Let's plot a histogram of these commute times. First, import **matplotlib** as in the previous example, and include `%matplotib inline`

if using a Jupyter notebook. Then build a Python list of commute times from the survey data above.

```
import matplotlib.pyplot as plt
# if using a Jupyter notebook, include:
%matplotlib inline
commute_times = [23, 25, 40, 35, 36, 47, 33, 28, 48, 34,
20, 37, 36, 23, 33, 36, 20, 27, 50, 34,
47, 18, 28, 52, 21, 44, 34, 13, 40, 49]
```

Now we'll call `plt.hist()`

and include our `commute_times`

list and specify `5`

bins.

```
plt.hist(commute_times, 5)
plt.show()
```

If we want our bins to have specific bin ranges, we can specify a list or array of bin edges in the keyword argument `bins=`

. Let's also add some axis labels and a title to the histogram. A table of some keyword arguments used with `plt.hist()`

is below:

keyword argument | description | example |
---|---|---|

`bins=` |
list of bin edges | `bins=[5, 10, 20, 30]` |

`density=` |
if `true` , data is normalized |
`density=false` |

`histtype=` |
type of histogram: bar, stacked, step or step-filled | `histtype='bar'` |

`color=` |
bar color | `color='b'` |

`edgecolor=` |
bar edge color | `color='k'` |

`alpha=` |
bar opacity | `alpha=0.5` |

Let's specify our bins in 15 min increments.

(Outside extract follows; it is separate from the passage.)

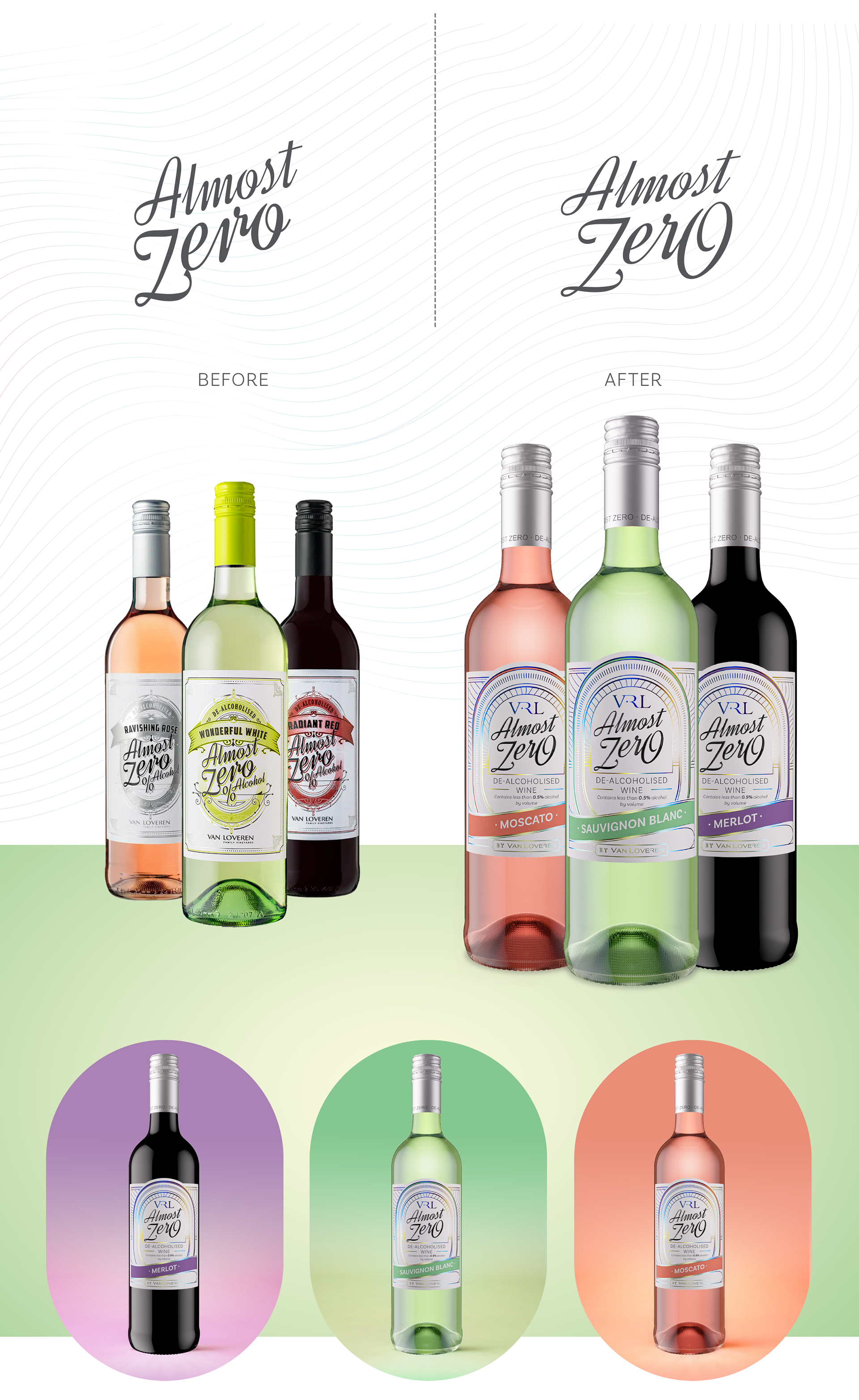 Almost Zero was launched in 2020 at the outset of Covid (during the SA alcohol ban) and holds the number one position in the South African non-alcoholic wine category. Almost Zero was first to market when a category packaging style was not yet established in the local market. Almost Zero’s craft beer label image was initially beneficially disruptive, easily setting it apart from wines containing alcohol. However, as the category matured, this distinctive look has dated and lacks the finesse sober curious consumers are seeking for enjoyment at adult drinking occasions.

This means our bin edges are `[0,15,30,45,60]`

. We'll also specify `density=False`

, `color='b'`

(blue), `edgecolor='k'`

(black), and `alpha=0.5`

(half transparent). The lines `plt.xlabel()`

, `plt.ylabel()`

, and `plt.title()`

give our histogram axis labels and a title. `plt.xticks()`

defines the location of the x-axis tick labels. If the bins are spaced out at 15 minute intervals, it makes sense to label the x-axis at these same intervals.

```
bin_edges = [0,15,30,45,60]
plt.hist(commute_times,
bins=bin_edges,
density=False,
histtype='bar',
color='b',
edgecolor='k',
alpha=0.5)
plt.xlabel('Commute time (min)')
plt.xticks([0,15,30,45,60])
plt.ylabel('Number of commuters')
plt.title('Histogram of commute times')
plt.show()
```

## Summary¶

In this post we built two histograms with the **matplotlib** plotting package and Python. The first histogram contained an array of random numbers with a normal distribution. The second histogram was constructed from a list of commute times. The `plt.hist()`

function takes a number of keyword arguments that allows us to customize the histogram.